The Oxford-Burcot Commission was the first Commission concerned with the management of the River Thames, appointed by an Act of Parliament of 1605 by James I to make the stretch of river from Burcot to Oxford navigable. The Commission took responsibility for the management of the River Thames between Oxford and Burcot. It consisted of 18 members, including a representative each from Oxford city and from the University. However its work was irregular and by 1611 it had ceased altogether.
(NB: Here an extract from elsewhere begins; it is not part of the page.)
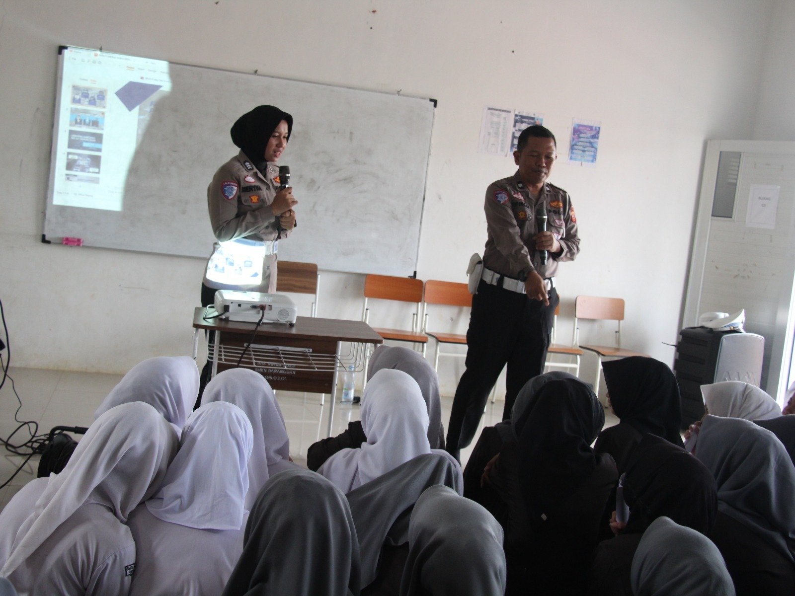 Dalam kegiatan tersebut, petugas Satlantas memberikan materi mengenai cara berkendara yang aman dan benar, pentingnya memakai helm berstandar SNI, etika berlalu lintas, dampak buruk pelanggaran dan kecelakaan pada usia remaja, serta bahaya mengendarai motor secara ugal-ugalan.

A second strengthened Act of Parliament in 1623 allowed for the appointment of eight commissioners of sewers. This was also known as the Oxford-Burcot Commission. It had the power to tax Oxford city and the university, to clean the river and to install locks and weirs. Iffley Lock, Sandford Lock and a lock on the Swift Ditch near the present Abingdon Lock were  built in 1631. However, its work was slow and costly and the first barge did not reach Oxford until 1635.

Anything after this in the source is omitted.